8. An AI-based airborne fault prediction and remote support system, used to implement the method of any one of claims 1-7, characterized in that, include: The envelope transfer unit is used to acquire the time-series status data of airborne equipment. When the change in flight parameters exceeds the preset change threshold, the second time derivative of the time-series status data within the switching time window is extracted as the envelope transfer feature. The dual-envelope unit is used to input the envelope transfer features into the airborne deep neural network and output the dual-envelope confidence distribution of the current flight envelope with the target. The corresponding fault feature databases are then weighted according to the proportion of the dual-envelope confidence distribution to obtain the transition prediction result. Marginal information unit is used to calculate the marginal information gain value of each data segment in the time-series state data to the transition prediction result. When communication is restricted, a preset number of data segments are selected from high to low according to the marginal information gain value, and the envelope transfer feature and the data segments are sent to the ground end. The data reconstruction unit is used to input the received envelope transfer features into the ground-side deep neural network to obtain a fast prediction result. At the same time, based on the received data segments, it uses the physical state equation of the airborne equipment to deduce the state evolution of the untransmitted data segments. The deduced complete time series data is input into the ground-side deep neural network to obtain a complete prediction result. When the fault type identifier of the fast prediction result is consistent with that of the complete prediction result, the data reconstruction is confirmed to be effective and a support plan is generated.

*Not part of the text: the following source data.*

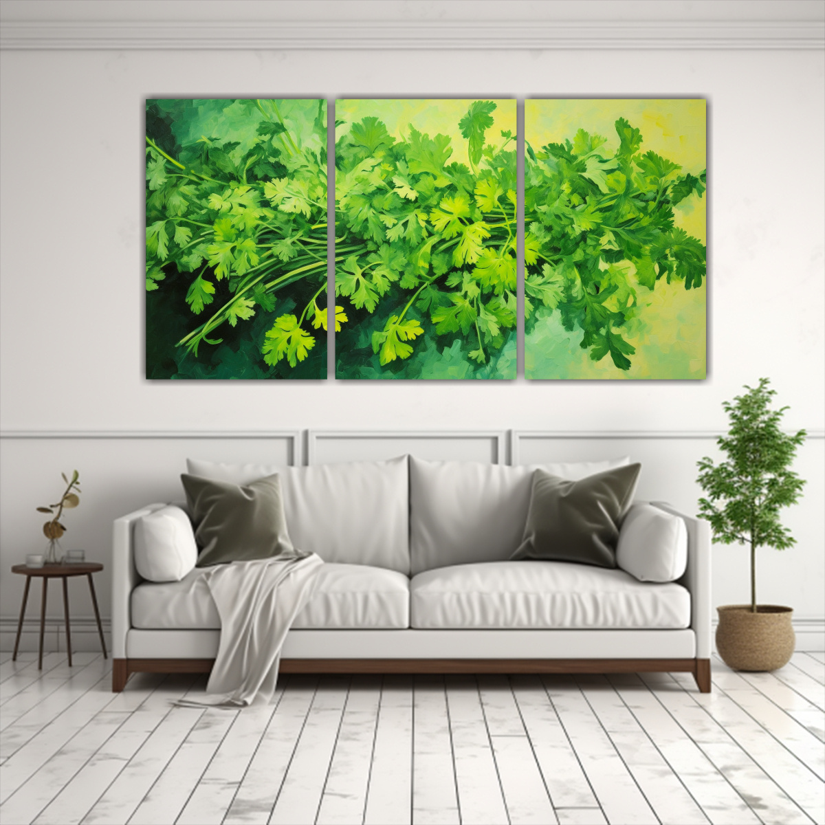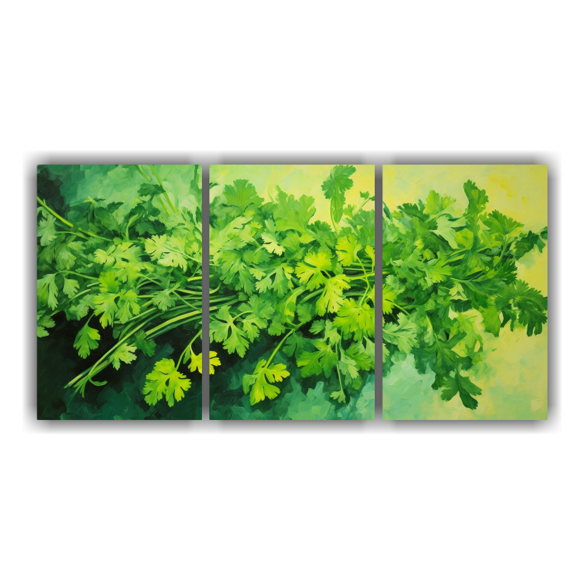 Tríptico Lienzo Imagen Color Hierbas Cilantro Abstracto Detalle Alto
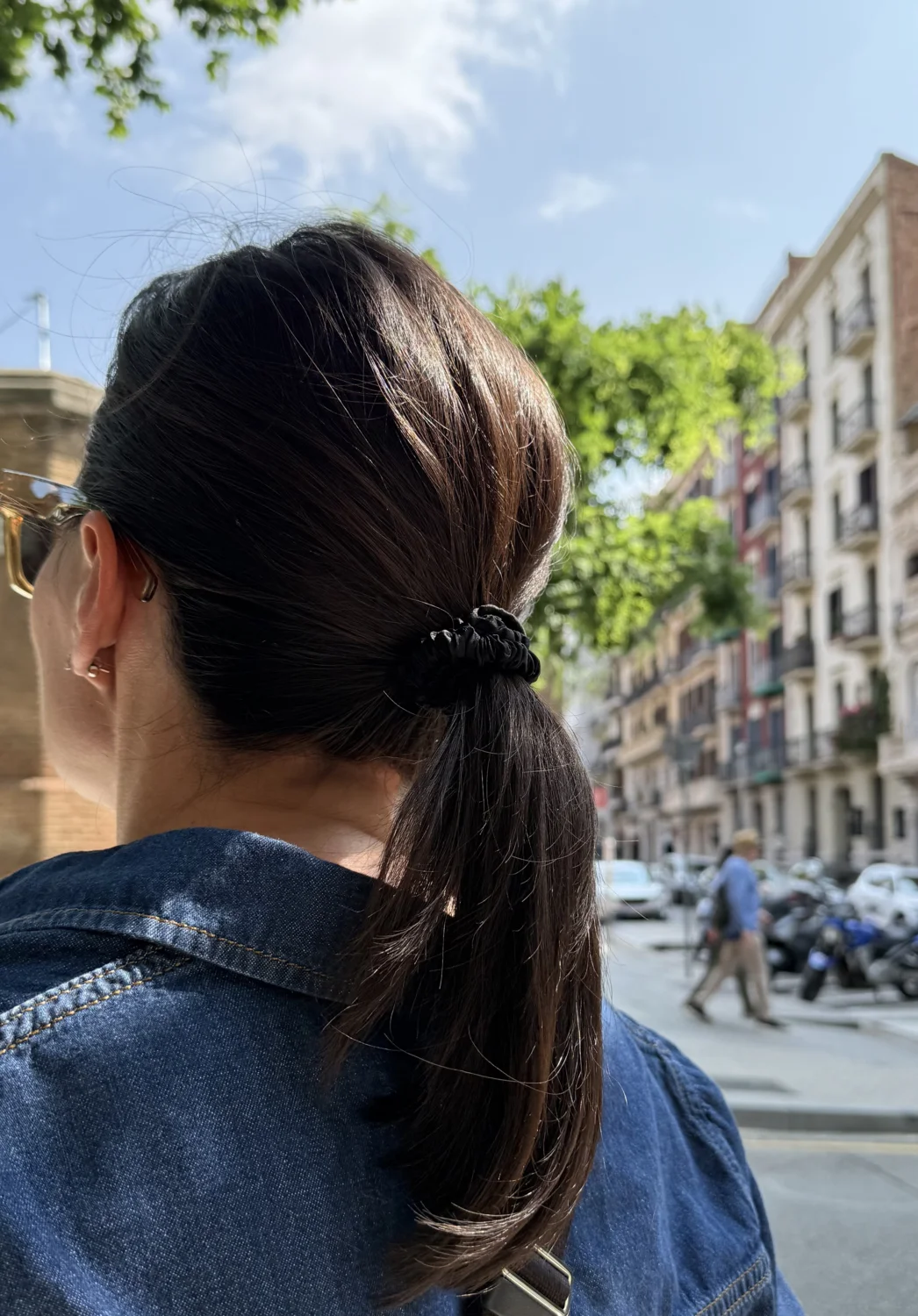 Черная резинка в качестве акцентного аксессуара — простой и быстрый в исполнении style trick для образов на каждый день.
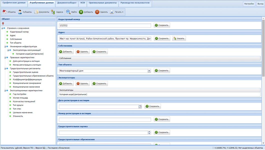 – инструмент позволяет получить ГИС-сведения об объекте, выполнить привязку графического объекта с атрибутивными данными, экспортировать графические данные объекта, загрузить файл и документы объекта, выполнить поиск относительно объекта.
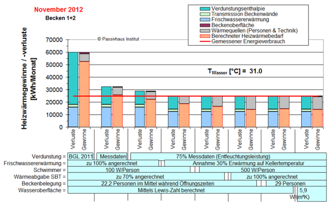 Die Möglichkeit, bereits während der Planungsphase den Energiebedarf eines Gebäudes verlässlich voraussagen zu können, ist eine grundlegende Voraussetzung, um hohe Energieeffizienz erreichen zu können. Sie ermöglicht die Optimierung einzelner Komponenten sowie des ganzheitlichen Gebäudekonzeptes. Die Energieströme in einem Hallenbad sind aufgrund vieler Wechselwirkungen und Regelungen sehr komplex und daher nur schwer erfassbar. Aus diesem Grund wurde das oben erwähnte Mehrzonen-PHPP entwickelt. Das Tool wurde während der Planungsphase des Bades für die entstehenden Anforderungen angepasst und befindet sich auch weiterhin in der Entwicklung.
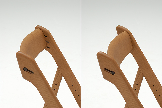 背モタレの高さと奥行きが、チェアに座った状態で調節できるので、お子さまの身体に合った最適なポジションが選べます。
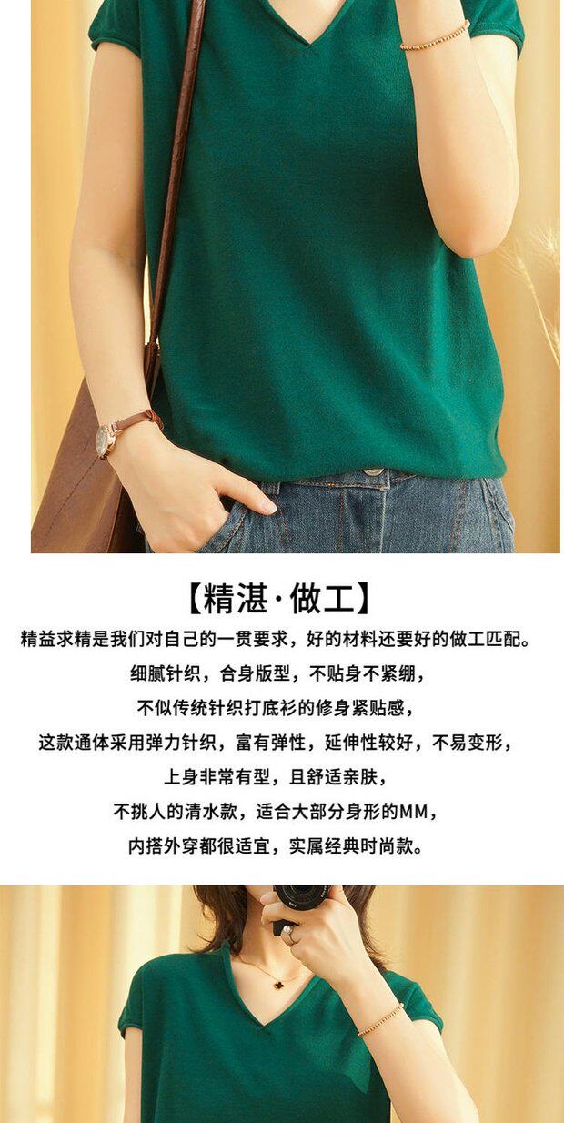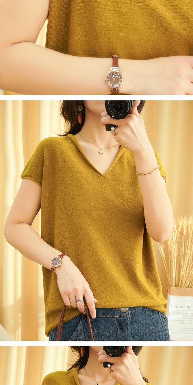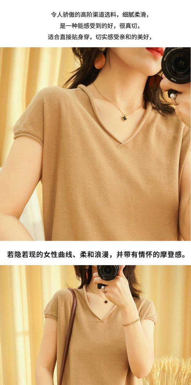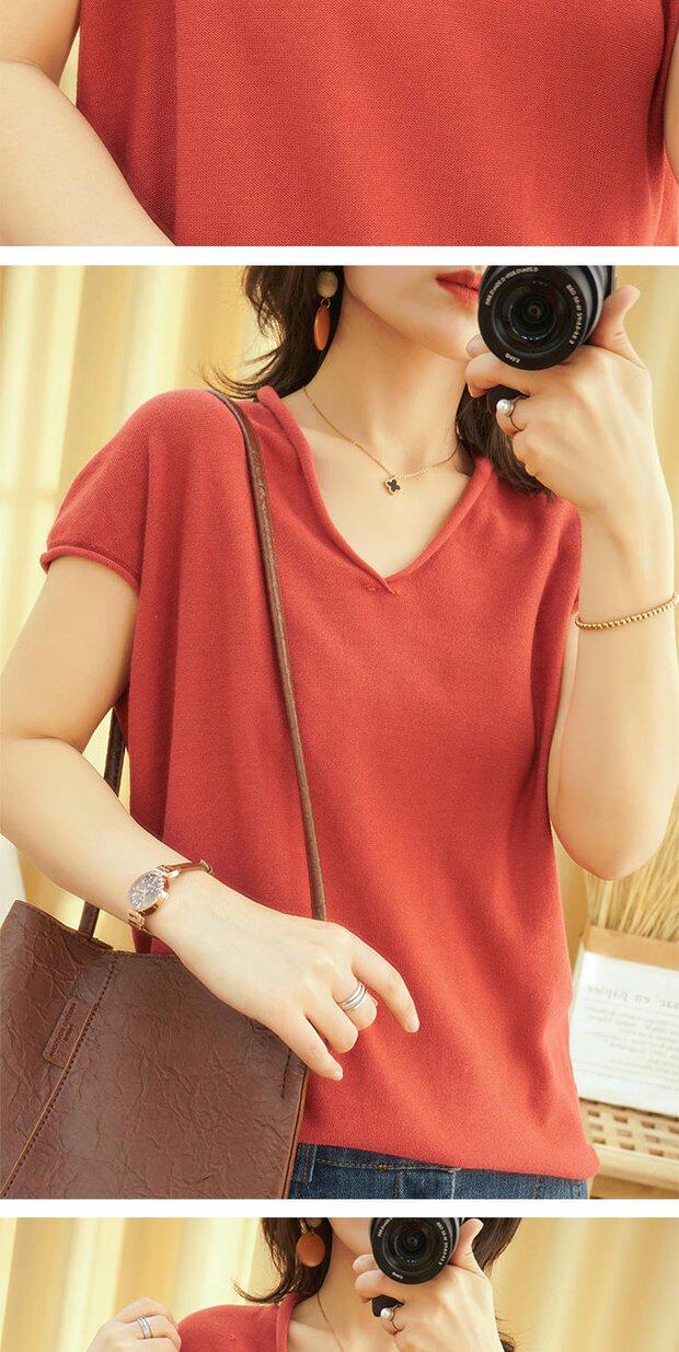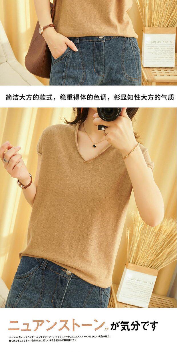 Футболка, трикотажный летний свитер для отдыха, коллекция 2022, из хлопка и льна, V-образный вырез, короткий рукав, свободный крой
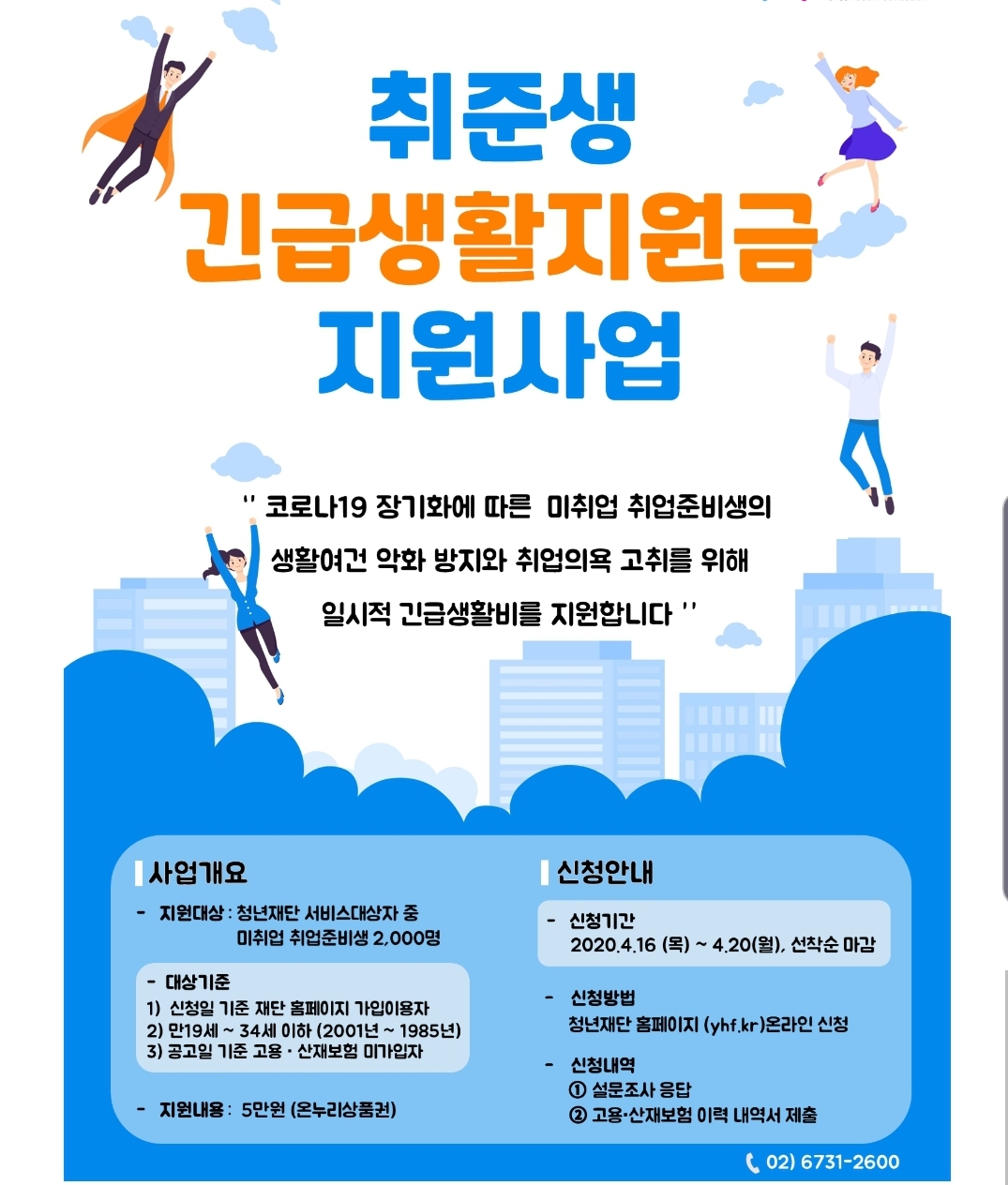 ○ (사업목적) 코로나19 장기화에 따른 채용둔화로 어려움에 처한 미취업 취업준비생의 생활여건 악화 방지와 취업의욕고취를 위한 일시적 긴급생활비 지원
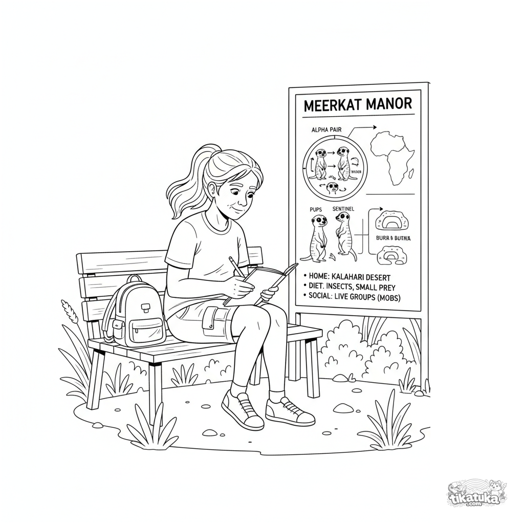 Detailliertes Ausmalbild für Kinder 10-12 Jahre. Ein Student zeichnet eine Infotafel mit einem Erdmännchen-Familiendiagramm auf einer Zoo-Bank.
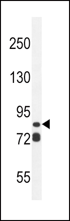 ASAP3 Antibody (N-term) (Cat. APR03514G) western blot analysis in ZR-75-1 cell line lysates (35ug/lane).This demonstrates the ASAP3 antibody detected the ASAP3 protein (arrow).

9. An electronic device, characterized in that, include: processor; Memory used to store processor-executable instructions; The processor is configured to invoke instructions stored in the memory to execute the method according to any one of claims 1 to 7.
10. A computer-readable storage medium having computer program instructions stored thereon, characterized in that, When the computer program instructions are executed by the processor, they implement the method described in any one of claims 1 to 7.